On Tuesday, August 23, Sherra White and her son Steve Lotti boarded a flight from Lima, Peru, bound for the Amazon city of Pucallpa. It was Sherra’s first trip abroad, her retirement celebration after 32 years as a Georgia public school teacher. Her guide to South America was her son Steve, who had just finished two years with the Peace Corps in Bolivia.

TANS Peru Flight 204 would never make it to Pucallpa. Four miles from the airstrip, the 737-200 carrying 98 passengers crashed into a marshy swamp. While 58 people would survive the crash, Sherra and Steve were not among them. They perished with at least 39 other passengers and crew members.

Sherra Young was my second couisn, Steve Lotti was my third cousin. I did not know either of them particularly well; in fact I do not think that I ever even met my cousin Steve.

It is incredibly hard to write a memorial for someone you barely knew. And it is nearly impossible to find the words to describe someone that you have never even met before.

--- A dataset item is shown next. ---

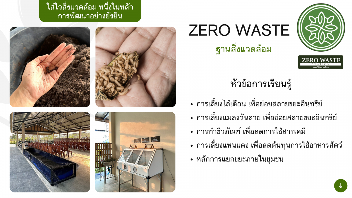 หัวข้อการเรียนรู้ การเลี้ยงไส้เดือน เพื่อย่อยสลายขยะอินทรีย์ การเลี้ยงแมลงวันลาย เพื่อย่อยสลายขยะอินทรีย์ การทำชีวภัณฑ์ เพื่อลดการใช้สารเคมี การเลี้ยงแหนแดง เพื่อลดต้นทุนการใช้อาหารสัตว์ หลักการแยกขยะภายในชุมชน
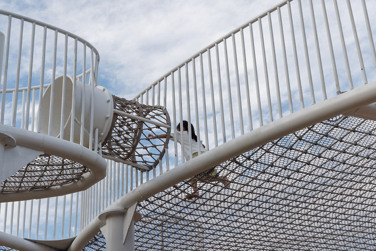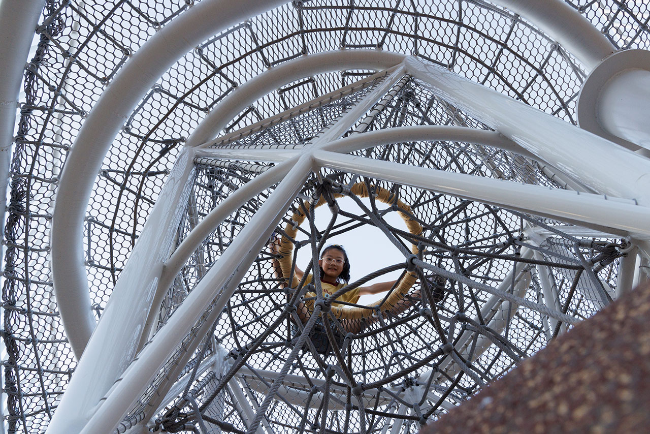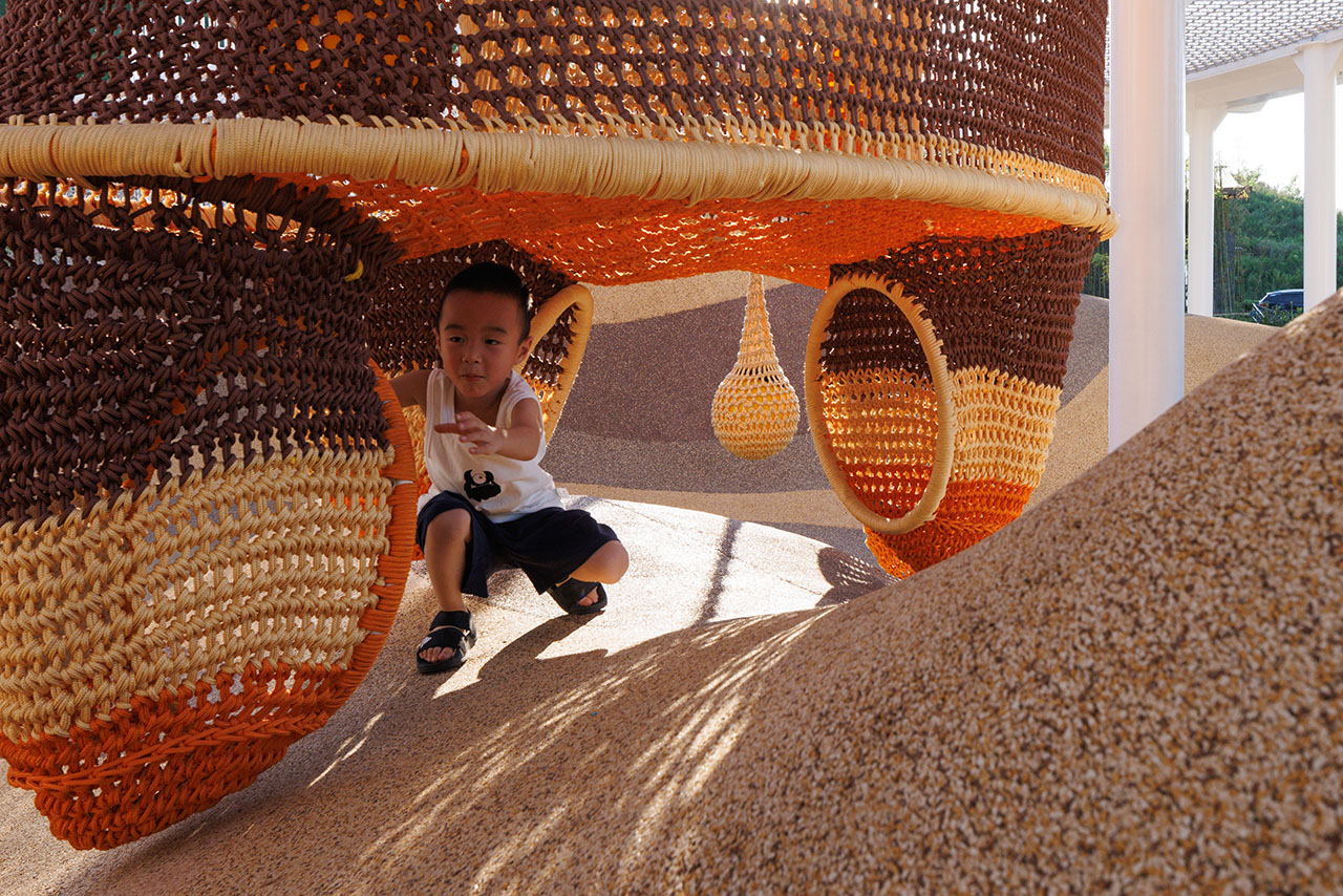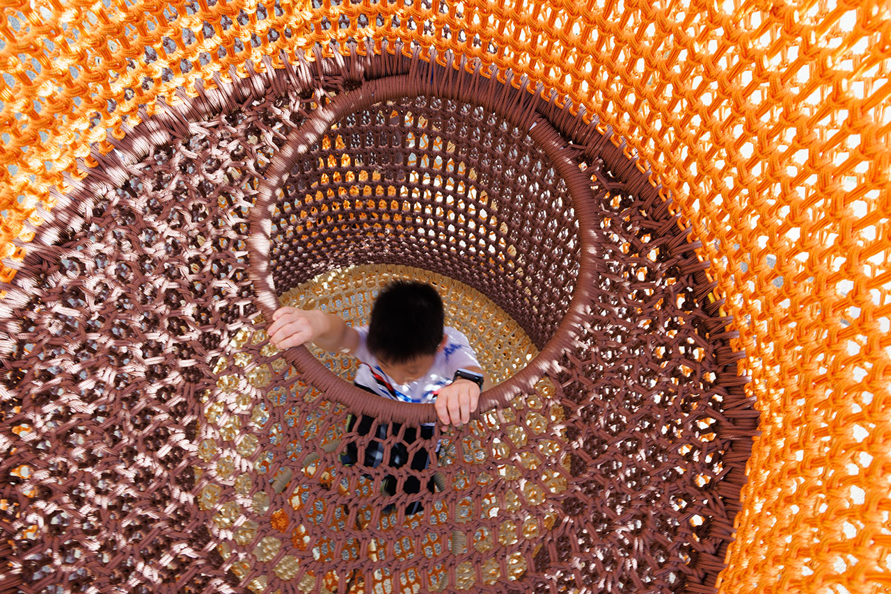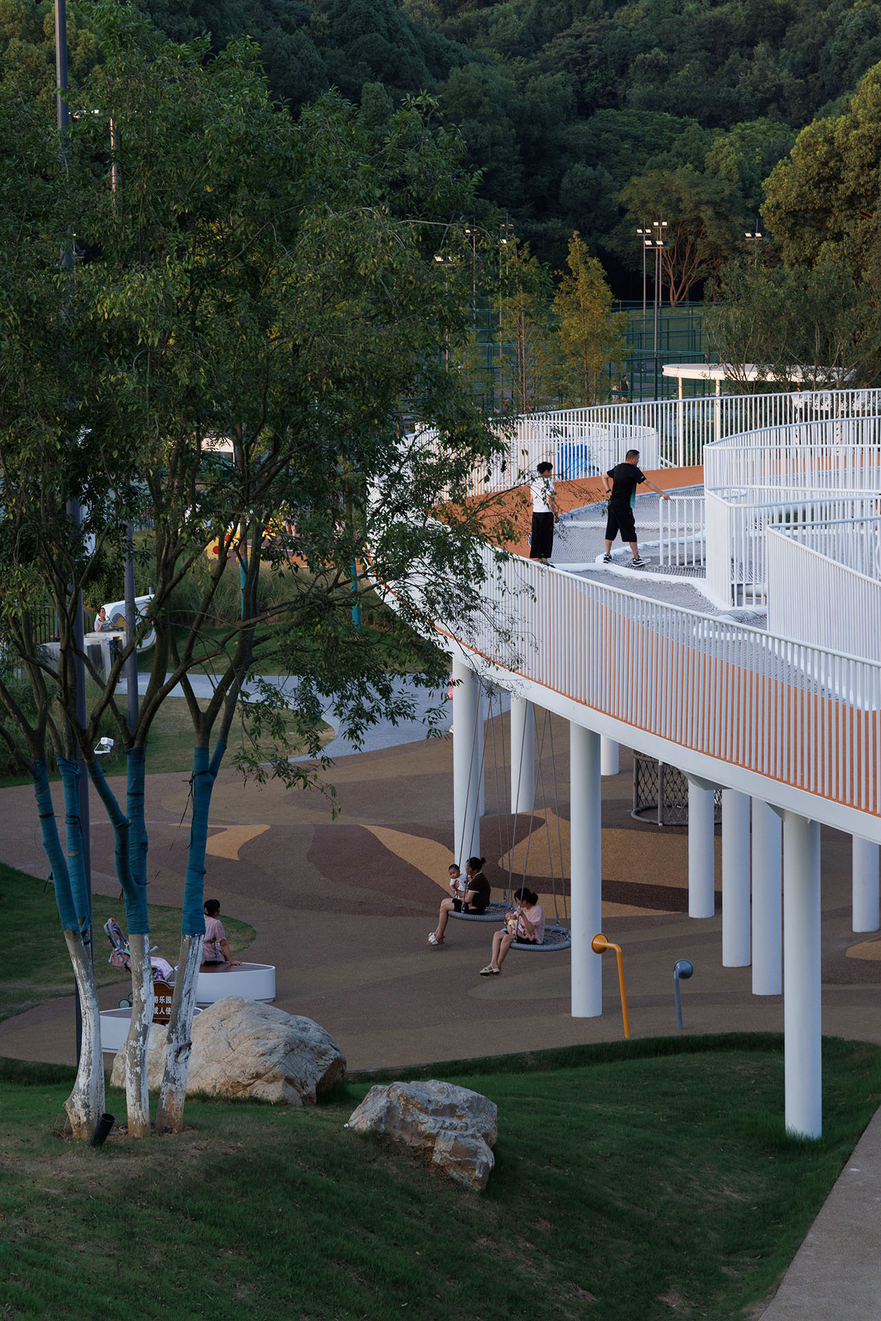 以探险环和山丘地形为场地基底,有机融合了包括山涧爬网、垂直爬网、旋转楼梯、拓展云步、虎猇滑梯、虎虎蹦床、水滴座椅、山峰滑梯、水滴滑梯、山顶爬网、山坳沙坑、虎穴吊网、虎尾巴传声筒、廊下秋千、旋转爪爪、大冒险滑梯等十六种游乐器械。器械的数量是有限的,但充满创造力的孩子可以在山丘、冒险环、器械之间开发出无数种游乐方式。

But family is an important thing. The loss of relatives, even distant ones, echoes long. What touches me most is their story, who they were and how these two Georgia natives found themselves in South America on that fateful flight.

Sherra Young had just retired after 32 years as a public school teacher at the Clayton County Public Schools in Fayetteville, Georgia, but she loved teaching so much that she planned to return to the classroom on Monday to work part-time with remedial students.

Her son Steve Lotti, 28, had graduated from the University of Georgia and worked as an archeologist before joining the Peace Corps. He spent two years at San Antonio de Lomerio in Santa Cruz, Bolivia, where he was focusing on water and sanitation issues.

I last saw Sherra and her husband, Jeff, two years ago as we spent the holidays with family in Georgia and we discussed their son Steve’s work in Bolivia with the Peace Corps. I remember that they expressed that odd bewilderment that comes with not quite fully understanding your child choosing to go live in the third-world for two years. But I will never forget the quiet, but tremendous, pride that radiated from them as they spoke of his work bringing clean water to Bolivian villages for the first time.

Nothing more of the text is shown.